(Dataset items)
···
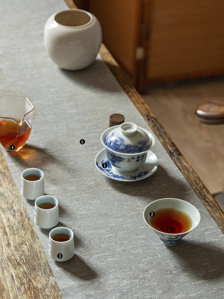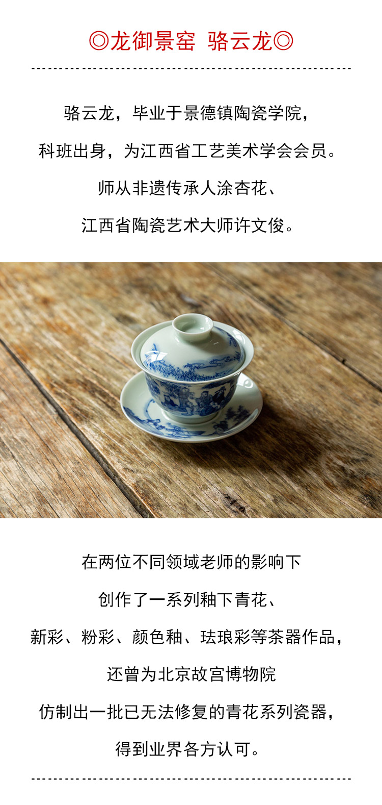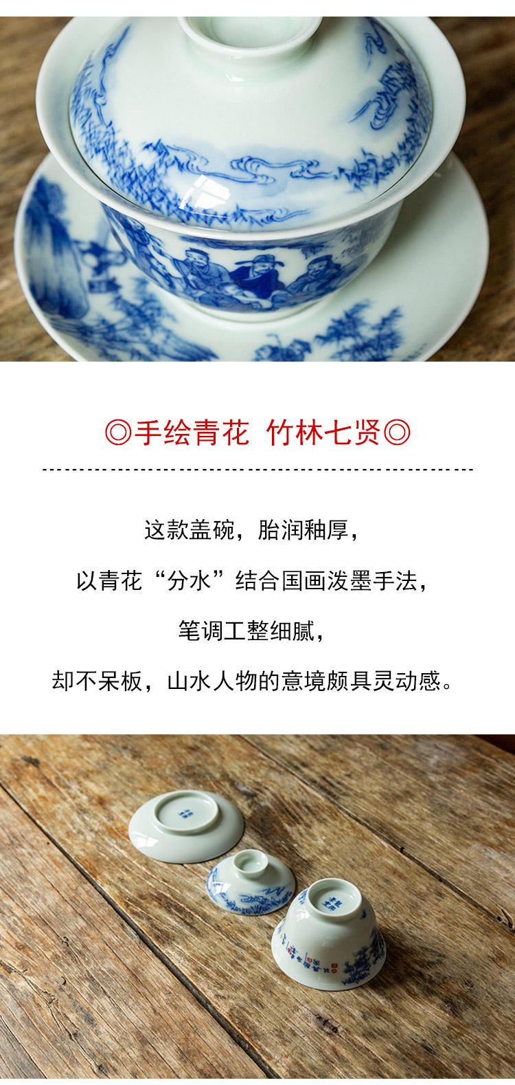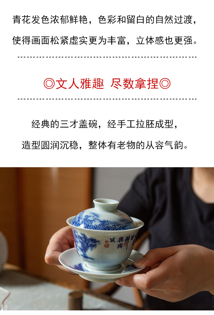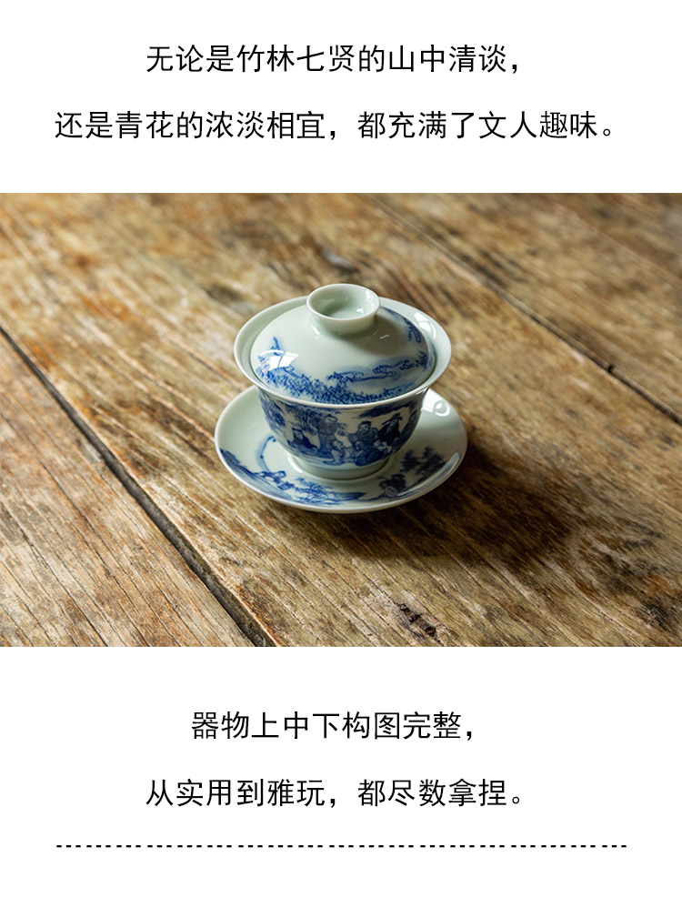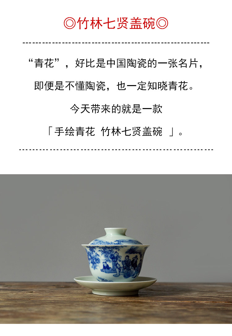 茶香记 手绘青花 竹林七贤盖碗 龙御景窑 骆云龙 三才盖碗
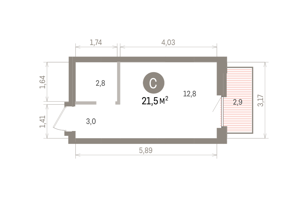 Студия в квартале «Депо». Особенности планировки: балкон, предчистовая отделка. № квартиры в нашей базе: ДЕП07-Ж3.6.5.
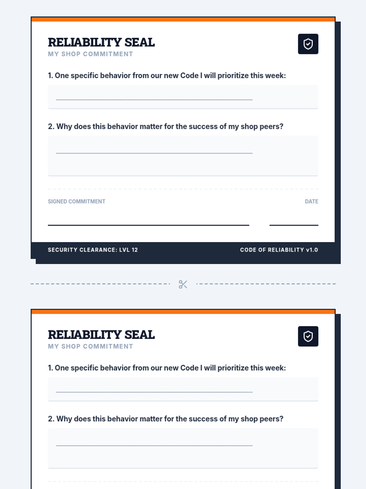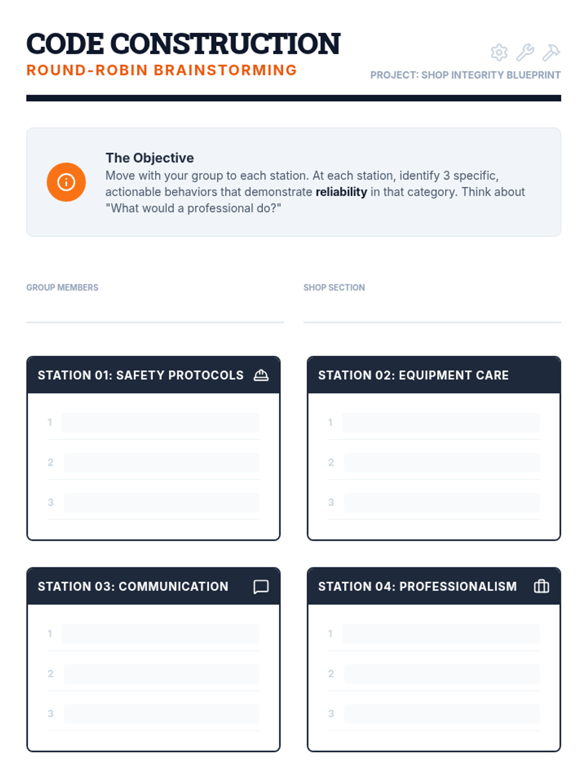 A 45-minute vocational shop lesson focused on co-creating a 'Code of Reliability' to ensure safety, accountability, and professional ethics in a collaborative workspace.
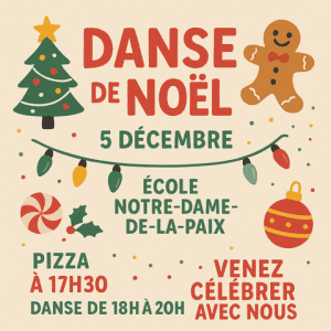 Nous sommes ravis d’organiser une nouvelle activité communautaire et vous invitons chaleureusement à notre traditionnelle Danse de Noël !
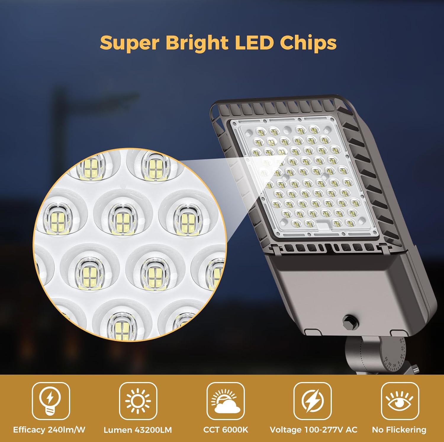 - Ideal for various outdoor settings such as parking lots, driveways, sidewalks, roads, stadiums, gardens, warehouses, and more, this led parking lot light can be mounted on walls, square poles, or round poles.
···
- _Work instruction_:
Could the entries above be printed again exactly, apart from the pictures?

- _Answer box_:
 茶香记 手绘青花 竹林七贤盖碗 龙御景窑 骆云龙 三才盖碗
 Студия в квартале «Депо». Особенности планировки: балкон, предчистовая отделка. № квартиры в нашей базе: ДЕП07-Ж3.6.5.
 A 45-minute vocational shop lesson focused on co-creating a 'Code of Reliability' to ensure safety, accountability, and professional ethics in a collaborative workspace.
 Nous sommes ravis d’organiser une nouvelle activité communautaire et vous invitons chaleureusement à notre traditionnelle Danse de Noël !
 - Ideal for various outdoor settings such as parking lots, driveways, sidewalks, roads, stadiums, gardens, warehouses, and more, this led parking lot light can be mounted on walls, square poles, or round poles.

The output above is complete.